(Limerick East): It is also hoped that the morale of certain officials will be raised by making them employees of an agency rather than civil servants. Finally, it is hoped that a combination of the three factors already mentioned will provide a better debt management service than at present, and that savings in debt servicing of about £35 million will be made this year.
The action by the Minister in this Bill is fire brigade action arising from the fact that he can neither maintain in the Civil Service or recruit to the Civil Service persons with the desirable level of expertise to manage the national debt. It is also a symptom of a wider malaise in the Civil Service. Morale in the Civil Service was never lower; there was never such a feeling previously among civil servants of being ill-used, overworked, underpaid and treated in a manner which communicates a view that the real players in the economy are in the private sector, and that civil servants, though necessary, are not to be held in high regard.
Action by the Minister to ease the problem in areas where the shoe is pinching tightest, such as in this Bill, is ignoring the wider problem. The Minister, if he continues to ignore it, may seriously damage public administration in this country.

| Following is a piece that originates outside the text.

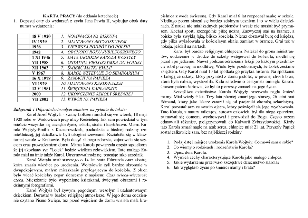 KARTA PRACY (do oddania katechecie) 1. Dopasuj daty do wydarzeń z życia Jana Pawła II, wpisując obok daty numer wydarzenia: 18 V 1920 IV 1929 1938 1942 1 XI 1946 VII 1958 XII 1963 V 1967 16 X 1978 VI 1979 13 V 1981 2000 VII 2002 1. NOMINACJA NA BISKUPA 2. MIANOWANY ARCYBISKUPEM 3. PIERWSZA PODRÓŻ DO POLSKI 4. OBCHODY ROKU JUBILEUSZOWEGO 5. DATA URODZIN KAROLA WOJTYŁY 6. OSTATNIA PIELGRZYMKA DO POLSKI 7. ŚMIERĆ MATKI EMILII 8. KAROL WSTĘPUJE DO SEMINARIUM 9. ZAMACH NA PAPIEŻA 10. MIANOWANY KARDYNAŁEM 11. ŚWIĘCENIA KAPŁAŃSKIE 12. UKOŃCZENIE SZKOŁY ŚREDNIEJ 13. WYBÓR NA PAPIEŻA Załącznik 1 Odpowiedzcie całym zdaniem na pytania do tekstu: Karol Józef Wojtyła - zwany Lolkiem urodził się we wtorek, 18 maja 1920 roku w Wadowicach przy ulicy Kościelnej. Jak sam powiedział w tym mieście wszystko się zaczęło: życie, szkoła, studia i kapłaństwo. Mama Karola Wojtyły-Emilia z Kaczorowskich, pochodziła z biednej rodziny rzemieślniczej, jej dziadkowie byli ubogimi szewcami. Kształciła się w klasztornej szkole w Krakowie. Była dosyć słabego zdrowia, zajmowała się szyciem oraz prowadzeniem domu. Mama Karola powtarzała często sąsiadkom, że jej ukochany syn "Lolek" będzie wielkim człowiekiem. Tato małego Karola miał na imię także Karol. Utrzymywał rodzinę, pracując jako urzędnik. Karol Wotyła miał starszego o 14 lat brata Edmunda oraz siostrę, która zmarła wkrótce po urodzeniu. Wojtyłowie żyli bardzo skromnie w dwupokojowym, małym mieszkaniu przylegającym do kościoła. Z okien było widać kościelny zegar słoneczny z napisem: Czas ucieka-wieczność czeka. Mieszkanie było wypełnione książkami, świętymi obrazami i rodzinnymi fotografiami. Karol Wojtyła był żywym, pogodnym, wesołym i utalentowanym dzieckiem. Dorastał w bardzo religijnej atmosferze. W jego domu codziennie czytano Pismo Święte, tuż przed wejściem do domu wisiała mała kro- pielnica z wodą święconą. Gdy Karol miał 6 lat rozpoczął naukę w szkole. Niedługo potem okazał się bardzo zdolnym uczniem i to w wielu dziedzinach. Z nauką nie miał żadnych problemów i wcale nie musiał być prymusem. Kochał sport, szczególnie piłkę nożną. Zazwyczaj stał na bramce, a boisko było zwykłą łąką, blisko kościoła. Nieraz dostawał burę od księdza, gdy piłka wylądowała w kościelnym oknie, zamiast w bramce. Grał też w hokeja, jeździł na nartach. Karol był bardzo religijnym chłopcem. Należał do grona ministrantów, codziennie w drodze do szkoły wstępował do kościoła, modlił się przed i po jedzeniu. Nawet podczas odrabiania lekcji po każdym przedmiocie robił przerwę na modlitwę. Wielu było przekonanych, że Lolek zostanie księdzem. Gdy Karol miał 10 lat spotkała go przykra historia. Na spotkaniu z kolegą ze szkoły, który przyniósł z domu pistolet, w pewnej chwili broń, która była nabita, wystrzeliła. Kula zaledwie o centymetr ominęła Karola. Czasem potem żartował, że był to pierwszy zamach na jego życie. Szczęśliwe dzieciństwo Karola Wojtyły przerwała nagła śmierć mamy. Miał wtedy 9 lat. Trzy lata później zmarł jego starszy, 26 letni brat Edmund, który jako lekarz zaraził się od pacjentki chorobą szkarlatyną. Karol pozostał sam ze swoim ojcem, który poświęcił się jego wychowaniu. Tato Karola, z natury milczący, surowy człowiek, był dla niego oparciem, zajmował się domem, wychowywał i prowadził do Boga. Często razem odmawiali różaniec, pielgrzymowali do Kalwarii Zebrzydowskiej. Kiedy tato Karola zmarł nagle na atak serca, chłopiec miał 21 lat. Przyszły Papież został całkowicie sam, bez najbliższej rodziny. 1. 2. 3. 4. 5. 6. Podaj datę i miejsce urodzenia Karola Wojtyły. Co mówi sam o sobie? Co wiemy o rodzicach i rodzeństwie Karola? Opisz dom Karola. Wymień cechy charakteryzujące Karola jako małego chłopca. Jakie wydarzenie przerwało szczęśliwe dzieciństwo Karola? Jak wyglądało życie po śmierci mamy i brata? KARTA PRACY (do oddania katechecie). 1. Dopasuj daty do wydarzeń z życia Jana Pawła II, wpisując obok daty numer wydarzenia: 18 V 1920 IV 1929 1938 1942 1 XI 1946 VII 1958 XII 1963 V 1967 16 X 1978 VI 1979 13 V 1981 2000 VII 2002 1. NOMINACJA NA BISKUPA 2. MIANOWANY ARCYBISKUPEM 3. PIERWSZA PODRÓŻ DO POLSKI 4. OBCHODY ROKU JUBILEUSZOWEGO 5. DATA URODZIN KAROLA WOJTYŁY 6. OSTATNIA PIELGRZYMKA DO POLSKI 7. ŚMIERĆ MATKI EMILII 8. KAROL WSTĘPUJE DO SEMINARIUM 9. ZAMACH NA PAPIEŻA 10. MIANOWANY KARDYNAŁEM 11. ŚWIĘCENIA KAPŁAŃSKIE 12. UKOŃCZENIE SZKOŁY ŚREDNIEJ 13. WYBÓR NA PAPIEŻA Załącznik 2 Odpowiedzcie całym zdaniem na pytania do tekstu: Karol Wojtyła był zdolnym uczniem. Koledzy mówili często: Cenzurki Lolka były nudne, same piątki... Poznawał już w gimnazjum język grecki, łaciński, niemiecki, interesował się teatrem. Często grał role w kółku teatralnym. Wystawiano przede wszystkim lektury szkolne tj.: Antygona, Kordian. Karol grał w spektaklach główne role, nawet wcielał się w dwie postacie naraz, np.: w Balladynie grał Kostryna i Kirkora. Po zdaniu matury wybrał studia polonistyczne. Myśl o powołaniu kapłańskim była skryta gdzieś w głębi jego serca. Latem 1938 roku, Karol Wojtyła razem ze swoim ojcem przeprowadzili się z Wadowic do Krakowa i zamieszkali w suterenie przy ulicy Tynieckiej. Karol zaczął uczęszczać na studia, zaprzyjaźnił się z grupą studentów. Pewnego dnia ktoś z jego grupy przyczepił na drzwiach kartkę z napisem: Karol Wojtyła - początkujący święty. Czy nie były to prorocze słowa? Nadejście II wojny światowej zmieniło życie Karola. Nagła śmierć ojca, przerwane studia polonistyczne, praca w ciężkich kamieniołomach, gdzie rozłupywał i ładował na wagony bloki wapienne, to wszystko miało wpływ na jego decyzje i na życie. Wstąpił do Seminarium Duchownego w Krakowie, gdzie zgłębiał Bożą naukę, aby zostać dobrym kapłanem. 1 li- stopad

Our national debt is very high. It is big in actual terms and in comparative terms. At present it is about 117 per cent of GNP and stands between £25 billion and £26 billion. It has risen every year in living memory and will rise again this year. It costs over £2 billion to service the debt. This servicing consumes an enormous amount of tax revenue and if this was available for the provision of services or for the reduction of taxes, the consequences for the country would be dramatic.
The national debt has enormous consequences for all of us in this country. Therefore it follows that the management of the national debt is one of the crucial tasks of Government, and in particular of the Minister for Finance. Most of us in politics are general practitioners. I know of no Minister for Finance in recent times who himself had the expertise to run the national debt portfolio. All Ministers have had to rely on the expertise available within their Department to do so and have been well served. The problem of the national debt has to do with its size and the rate at which it is increasing rather than with the management of the portfolio. If the circumstances are now such that the Minister cannot maintain or recruit the level of expertise necessary and desirable to manage the national debt, changes must be made to ensure that such expertise is available.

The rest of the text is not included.